Top 10 Tips for writing the perfect novel

by richard on February 9, 2011

writing your novel

A lot of people ask me about tips for writing a book. Here I will list my top ten, and I will go into more detail for each on future blog posts. This list has been written from the perspective of a fictional book, however many apply to non-fiction writing.

1. Write about something you know, or at least like.
This might sound obvious, but sometimes people think they need to write about something “important” to others, rather than what they know.

2. Spend time developing your story
It’s important you know how the story is going to end, who the main characters are, and what all the twists and turns are going to be. Set about writing a chapter outline before you write the book.

3. Understand your characters
Your characters should be ‘larger than life’ to make them interesting to your readers. What are their likes/dislikes, strength and flaws? You should know how they would react to any situation.

4. Open with a bang!
The first few pages are critical in getting and maintaining the attention of your audience.

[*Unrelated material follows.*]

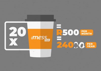 Solution: We had spent a lot of time within the Mess café and knew the brand well. We then replicated the actual cups within the coffee shop to come up with powerful graphics that linked giving to the cause.

5. Allow your readers to form a mental picture of your story by including plenty of detail
People like to be lead on a journey. You need to give them the detail to allow that to happen.

6. Make every word count
Everything in the book – characters, descriptions, objects – should have a purpose, otherwise it’s just a distraction.

7. Develop a routine for writing
It’s very hard to fit in time for writing if you have a full time job, kids, hobbies, study, etc. You need to work out what is right for you, and be disciplined.

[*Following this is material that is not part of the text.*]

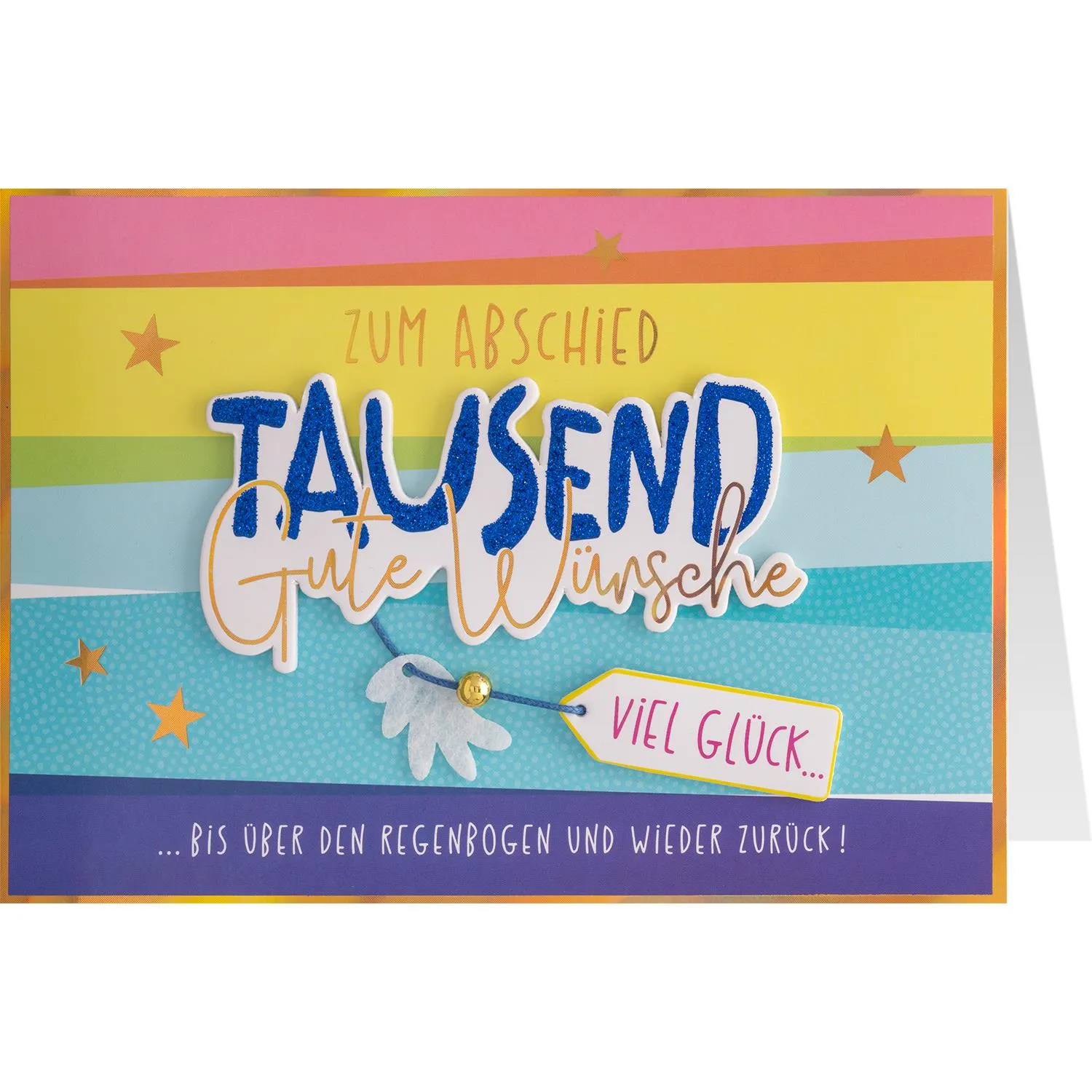 Abschiede sind selten leicht. Mit dieser handgemachten Grußkarte verschenkst Du stilvolle Abschiedsgrüße an einen besonderen Menschen. Das süße Accessoire und die Glitzerveredelungen sind echte Highlights und hellen die Stimmung beim Abschied garantiert auf. In Kombination mit ein paar persönlichen Worten im Inneren der Karte wird aus ihr ein echter Herzensbotschafter!

8. Use your “down time” for being creative
It’s amazing the ideas you can come up with for a scene or a conflict when you’re sitting on the train, driving to work, or having a shower! Always have a pen and notepad handy.

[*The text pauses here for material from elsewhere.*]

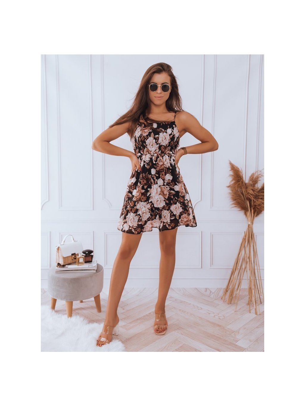 Fekete nyári ruha bazsarózsa mintával HESSA

9. Read a lot of your genre
Find out what the experts do and what’s particular to their style. Try to understand the craft.

10. Make sure your draft is the best it can be before you show it to a publisher
or an agent

Have lots of friends read your manuscript. No matter how many times you read it, you will miss spelling and grammar errors. Also, understand how the professionals want manuscripts presented to them.

Reading back through these, I think it’s possible to create a list longer than ten, but this will do for now. I’ll expand on these over the coming weeks.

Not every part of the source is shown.